Il primo passo fondamentale nella traduzione del testo è stato leggere attentamente il testo di partenza: questa fase è stata importante per capire il contenuto generale del testo, lo stile dell’autore, e anche per capire bene dove e quali fossero, almeno a una prima lettura, i punti che avrebbero presentato maggiori difficoltà di traduzione. In questa fase di lettura ci si è concentrati su due obiettivi: i termini e le espressioni sconosciute o poco chiare, e lo stile dell’autore. Nel primo caso, gli strumenti di cui ci si è serviti sono stati dizionari monolingue e bilingue (sia cartacei sia on-line), e in una fase successiva, ossia nel momento in cui si è cercato di ottenere una buona resa nella lingua di arrivo, sono stati molto utili i dizionari di lingua italiana e quello dei sinonimi e contrari.

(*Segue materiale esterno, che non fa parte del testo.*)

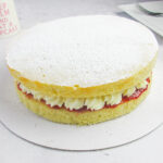 Take one of the cakes and spread the jam evenly over the top of it then pipe the whipped cream on top of the jam. I usually pipe around the outside of the cake then fill in the middle. You can also just spread the whipped cream with a palette knife. Place the second cake on top and dust the top with some icing sugar. Time to enjoy.
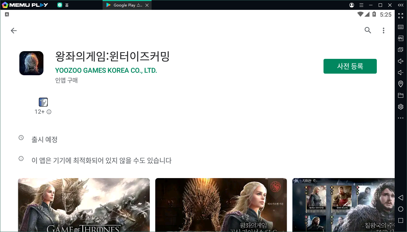 현재 미뮤 앱플레이어를 통해 왕좌의게임: 윈터이즈커밍를 사전예약 가능합니다. 미뮤 앱플레이어 7.2.1 최신버전 다운받고 구글 플레이 스토어에서 검색 참여하세요.
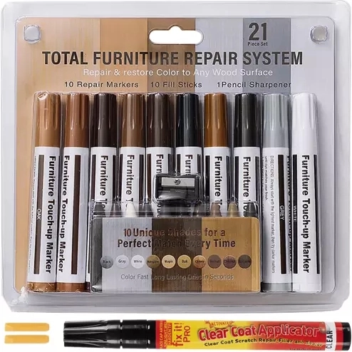 A bútorok karcainak javítása még sosem volt ilyen egyszerű. Javítókészletünkkel kitöltheti a mélyebb repedéseket viasszal, majd a megfelelő színű filccel kialakíthatja a fa textúráját.<7dv>
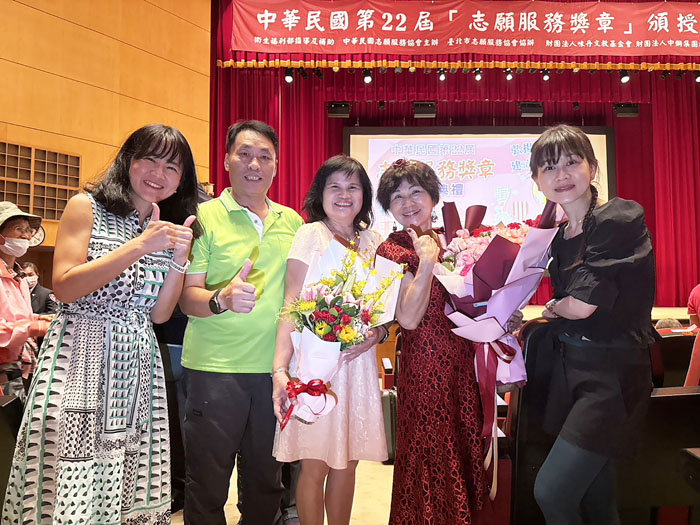 因為捐血,趙蔡瓊花(右二)開啟志工生涯,獲得第22屆「二等志願服務獎章」肯定。
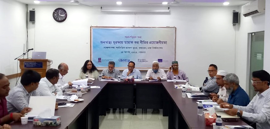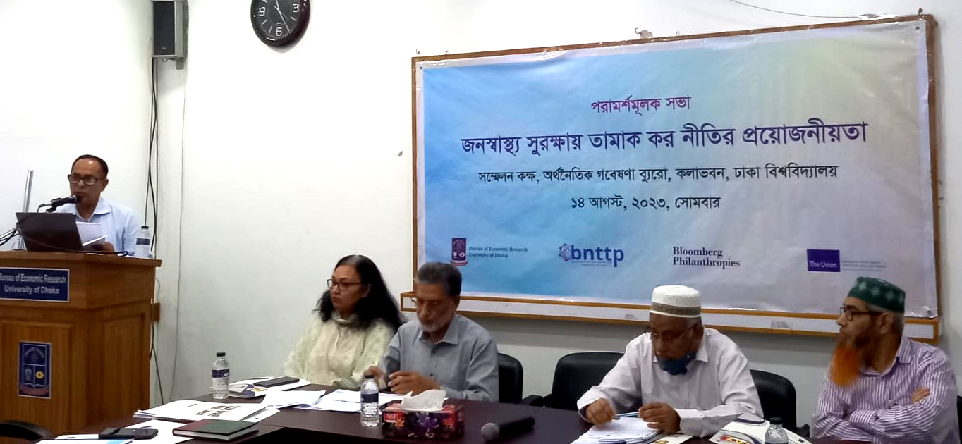 আজ ১৪ আগস্ট ২০২৩, সোমবার, সকাল ১০ টায় ঢাকা বিশ্ববিদ্যালয়ের অর্থনৈতিক গবেষণা ব্যুরোর সম্মেলন কক্ষে ‘জনস্বাস্থ্য সুরক্ষায় তামাক কর নীতির প্রয়োজনীয়তা’শীর্ষক পরামর্শমূলক সভায় তামাক নিয়ন্ত্রণ বিশেষজ্ঞরা এসব কথা বলেন। অর্থনৈতিক গবেষণা ব্যুরো (বিইআর) ও বাংলাদেশ নেটওয়ার্ক ফর টোব্যাকো ট্যাক্স পলিসি যৌথভাবে এ সভার আয়োজন করে।

Nel secondo caso, attraverso la lettura si è cercato di individuare lo stile utilizzato dall’autore e a questo proposito è stato possibile evidenziare alcune caratteristiche: innanzitutto, João Bénard da Costa ha utilizzato un registro non troppo marcato con delle incursioni di espressioni idiomatiche. Questo probabilmente è dato dal fatto che il testo è rivolto non solo a persone del settore cinematografico, ma anche a persone che sono interessate al cinema semplicemente per ampliare i propri orizzonti, per conoscenza e interesse personale. Probabilmente è per questo motivo che spesso nel testo è capitato di incorrere in domande retoriche, volte, nell’intenzione dell’autore, ad alleggerire il testo: come se l’autore si rivolgesse direttamente al lettore, come se volesse coinvolgerlo.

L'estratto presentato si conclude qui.